§ Task to complete
Below are records; reproduce exactly the lines from the one that has "Vegan friendly: cocotte" through the one that has "A mosogató magas", ends included, and nothing more.

§ Data for analysis
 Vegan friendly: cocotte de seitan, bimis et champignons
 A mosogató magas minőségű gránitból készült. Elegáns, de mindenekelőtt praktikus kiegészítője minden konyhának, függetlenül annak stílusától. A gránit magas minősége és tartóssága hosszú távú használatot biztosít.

---

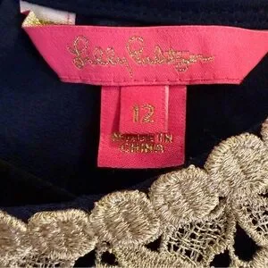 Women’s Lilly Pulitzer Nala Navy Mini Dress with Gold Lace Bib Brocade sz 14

...

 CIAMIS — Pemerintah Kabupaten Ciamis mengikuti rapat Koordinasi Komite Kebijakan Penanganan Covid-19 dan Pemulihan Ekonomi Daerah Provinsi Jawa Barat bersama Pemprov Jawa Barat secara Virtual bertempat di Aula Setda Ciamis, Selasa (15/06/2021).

§ Answer for the task
 Vegan friendly: cocotte de seitan, bimis et champignons
 A mosogató magas minőségű gránitból készült. Elegáns, de mindenekelőtt praktikus kiegészítője minden konyhának, függetlenül annak stílusától. A gránit magas minősége és tartóssága hosszú távú használatot biztosít.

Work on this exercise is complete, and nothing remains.